The priests kept their distance from the hostel door, staying actually outside the compound, as the crowd had done. Parl Dro had paused in the compound of necessity, since the brotherhood had nervously barricaded the hostel door with logs, posts and baskets—as if a ghost would normally fear to pass straight through such domestic trivia. Dro tossed and thrust these items aside, then crashed open the door, crashing it shut again as soon as he was inside.
The hostel was black now, with black starless cavities of windows. Picking up the priest’s toppled chair, Dro slung it against the door timbers, a barricade with a new purpose—to keep any other live thing out.
The room was cold and dripping—dank as someone’s dungeon.
At first, there was nothing else, except that the racket of the swelling crowd in the street seemed unduly muffled and far away.
Dro’s eyes dilated to pierce the gloom. Soon, he was seeing well, via the cat-sight of the extra seventh sense. He did not touch the candles or the tinder box. Now and then a dart of light from the host of tinders outside would streak over the wall. But slowly, the brightness of these darts grew dull. Then he began to hear the melodious winnowing of sound, the sound of the stream below the mountain. Cilny’s stream. And Ciddey’s.
Myal, whom the priests had courageously abandoned–more, trapped inside with the unknown terror–had remained oblivious. He lay on the bed, peacefully slumbering. It was a peace that filled Parl Dro with iron rage.
Dro took one stride forward, but in that second, the manifestation began to return.
She formed, little by little, in the shade just over the far edge of Myal’s bed. She was visible from the knees upward, and below her knees, across the mattress and Myal’s body, flowed the smoky convolutions of the water. She was mainly transparent. Even so, Dro could see she showed none of the rigours of drowning, though plainly, if unconsciously, she recollected exactly how she had died. Her face was calm and empty at first, but as she looked at him, focused on him, her face altered. Her eyes seemed to sink and to enlarge into mere sockets. She grinned, and her grin was terrible, unspeakable, showing only her lower teeth. She raised her hands, and she held a freshwater fish in them. She bore it to her mouth as if to kiss it, then sank her teeth into its squirming living back. A trickle of pallidly gleaming blood ran down her chin.

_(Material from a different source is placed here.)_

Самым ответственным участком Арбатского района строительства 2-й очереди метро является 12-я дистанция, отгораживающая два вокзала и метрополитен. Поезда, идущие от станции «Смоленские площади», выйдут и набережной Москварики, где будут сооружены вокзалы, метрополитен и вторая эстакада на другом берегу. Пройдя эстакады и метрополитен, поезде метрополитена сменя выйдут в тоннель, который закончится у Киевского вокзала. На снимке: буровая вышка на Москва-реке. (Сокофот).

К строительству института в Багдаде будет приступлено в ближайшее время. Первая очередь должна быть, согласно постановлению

It was an illusion, the fish. She was even more a witch, dead, than she had been alive. She fashioned such forms to intimidate him. When she perceived he was not intimidated, the fish, the trickle of blood, even the swirl of the ghostly stream evaporated.
She hung there, still smiling vilely at him. Then her smile went away, and she too slid away, back and back and back, as the inescapable force of Dro’s will pushed her.

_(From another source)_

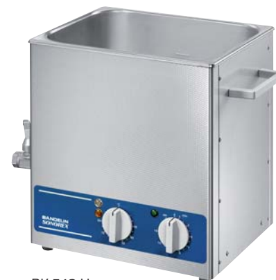
RK 512 H

Cuve à ultrason de haute puissance pour nettoyage aux solutions de nettoyage aqueuses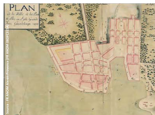
La ville de Pointe-à-Pitre vers 1775

She opened her mouth in a soundless cry, and lifted her hands again. Her nails were already very long. She fought him, but he was used to such fighting, and she was not. He thrust her all the way to the wall, seeming to press her, like a phosphorescent imprint, into the whitewash. Her hair blew or fanned out like a misty colourless sunburst–moonburst–on the bricks. He held her pinned like that, and then, never taking his eyes from her, he fastened one pitiless hand over Myal’s throat, squeezing the windpipe until, gagging and choking, the musician flailed into consciousness.
Dro unfastened the stranglehold. Myal croaked a number of expletives and accusations. Dro cut him short, dragging Myal’s head around by the hair toward the wall.
“Look.”
Myal froze, petrified, rigid as a stone in Dro’s grip.
“What–what is it?”
“Don’t you know?”
“Ciddey—it’s Cidd—”
“Don’t keep naming her. She has enough of a hold on you as it is. How do you feel?”
“I feel sick.” A ludicrous note of reproach crept into Myal’s voice. “I haven’t been well.”
“You’ll be less well if she goes on feeding off you.”
“Feeding–”
“She’s using your life energy to supplement her own. Can’t you feel it?”